=== TASK DESCRIPTION ===
Starting at the first line of the data and ending at the line with "A female subject", copy each line exactly. Include both of those lines, but no pictures.

=== MATERIAL PROVIDED ===
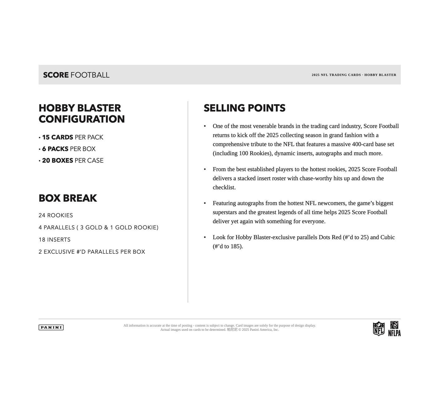 - One of the most venerable brands in the trading card industry, Score Football returns to kick off the 2025 collecting season in grand fashion with a comprehensive tribute to the NFL that features a massive 400-card base set (including 100 Rookies), dynamic inserts, autographs and much more.
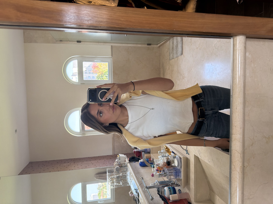 A female subject is captured in a mirror selfie within a bathroom setting. She wears a white sleeveless crop top, blue jeans with a black belt, and a light yellow sweater draped across her shoulders. A silver chain with a small cross pendant hangs around her neck, and a black elastic band is on her left wrist. She holds a dark-colored smartphone, equipped with a circular magnetic accessory, in her right hand, obscuring part of her face. The bathroom features light beige stone-tiled walls and a matching countertop and sink. The counter holds various toiletries, including bottles, a clear acrylic organizer, and a chrome faucet. Two arched windows in the background display an urban environment with buildings and trees exhibiting green, yellow, and red foliage. A glass shower enclosure and a gray bath mat are visible on the right side of the frame. This scene is located in Mexico City, Mexico.
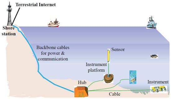 As shown in Figure 7, MARS utilizes a 52 km underwater power and optical fiber to carry electric power and data to a node that is placed 891 m below the Monterey Bay surface which is linked to the shore through a cable [48]. Other nodes can be attached to this main hub, while further experiments can be performed on each node. DONET is a submarine real-time underwater observatory platform intended to observe tsunamis and earthquakes using 20 sets of submarine cabled instruments located 15–20 km apart with five science node interfaces [49]. OCN is based on two underwater observatories, i.e., the NEPTUNE (800 km) and the VENUS (50 km), along with seven shore stations and four community observatories [50]. It aims to offer live stream data from key sites off the coast of British Columbia through the internet to users around the globe. OCN ensures environmental protection through these cabled observatories, big data management, interactive sensors, and remote-control systems.
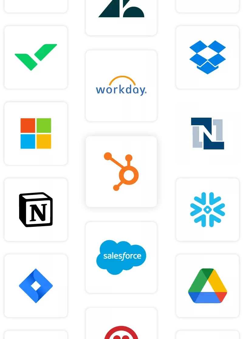 Salesforce、Microsoft、Workday、Hubspotなど、あらゆるCRM、ERP、HRISとの統合が可能です。常に互換性やコネクタを最新状態に保つことで、クラウド上でのシームレスな運用を常に可能にします。

=== OUTPUT FOR THIS EXERCISE ===
 - One of the most venerable brands in the trading card industry, Score Football returns to kick off the 2025 collecting season in grand fashion with a comprehensive tribute to the NFL that features a massive 400-card base set (including 100 Rookies), dynamic inserts, autographs and much more.
 A female subject is captured in a mirror selfie within a bathroom setting. She wears a white sleeveless crop top, blue jeans with a black belt, and a light yellow sweater draped across her shoulders. A silver chain with a small cross pendant hangs around her neck, and a black elastic band is on her left wrist. She holds a dark-colored smartphone, equipped with a circular magnetic accessory, in her right hand, obscuring part of her face. The bathroom features light beige stone-tiled walls and a matching countertop and sink. The counter holds various toiletries, including bottles, a clear acrylic organizer, and a chrome faucet. Two arched windows in the background display an urban environment with buildings and trees exhibiting green, yellow, and red foliage. A glass shower enclosure and a gray bath mat are visible on the right side of the frame. This scene is located in Mexico City, Mexico.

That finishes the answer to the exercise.